Reputation: 1806
I have a dataset with a column that I always expect to have the same value. It indicates a data schema version, so I know I am deserialising my data correctly. How can I ensure I am alerted if there is a value with a different schema version?
data | version |
---|---|
{"key":"value"} | 1 |
{"key":"value2"} | 1 |
(if there is a row where version != 1, I want to alert)
Upvotes: 0
Views: 272
Reputation: 1806
You can do this by using the Spark assert_true function. If you use this function on a dropped column though, Spark will 'optimise' away the expectation so coalesce it with a column that contributes to the output.
For example:
from transforms.api import transform_df, Input, Output
from pyspark.sql import functions as F, types as T
@transform_df(
Output("/path/to/output"),
source_df=Input("/path/to/input"),
)
def compute(source_df):
return (
source_df
# assert the version is consistent
.withColumn("data", F.coalesce(F.expr("assert_true(version = '1')"), "data"))
.drop("version")
# parse the data, knowing we can expect the correct schema
.withColumn("data", F.from_json(F.col("data"), T.StructType([
T.StructField("key", T.StringType())
]))
)
Upvotes: 0
Reputation: 1806
You can do this using data expectations, if validating the version at the end or beginning of a transform is suitable for your needs.
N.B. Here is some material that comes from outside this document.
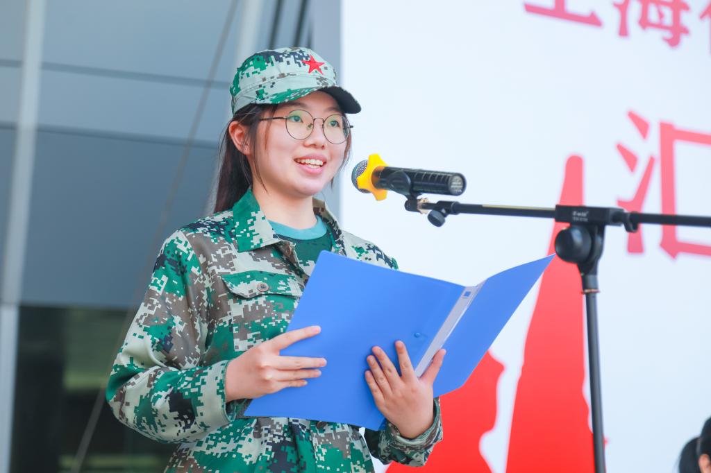 随后,参训学生代表2023级学前中高贯通3班颜欣宜同学发言。她表示,虽然军训期间的天气情况给训练带来了一定的阻碍,但同学们不怕困难、努力克服,有力彰显和诠释了军训的意义。行健学子会怀揣“国之大者”的情怀,把军训淬炼的拼搏精神、担当意识内化于心,外化于行,不断砥砺爱国担当的本色,成为全面发展的卓越人才。
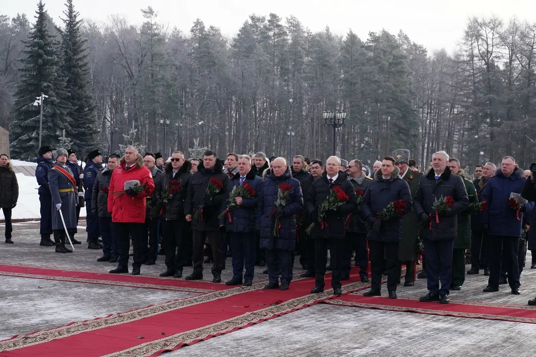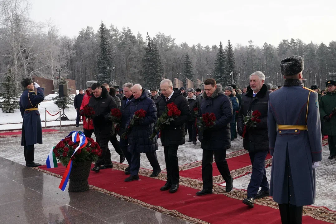 От имени многонационального народа Башкортостана Глава республики Радий Хабиров возложил цветы к памятнику, посвященному бессмертному подвигу Героев Советского Союза Александра Матросова и Миннигали Губайдуллина, у подножия которого горит Вечный огонь, и к памятнику Герою России, легендарному комдиву Минигали Шаймуратову.

For example:
from transforms.api import transform_df, Input, Output, Check
from pyspark.sql import functions as F, types as T
from transforms import expectations as E
@transform_df(
Output("/path/to/output"),
source_df=Input("/path/to/input", checks=[
# assert the version is consistent
# usually you'd put checks on the output dataset
# so this might be better placed where the input is created
Check(E.col("version").equals(1), "version: equals 1")
]),
)
def compute(source_df):
return (
source_df
.drop("version")
# parse the data, knowing we can expect the correct schema
.withColumn("data", F.from_json(F.col("data"), T.StructType([
T.StructField("key", T.StringType())
]))
)
Upvotes: 0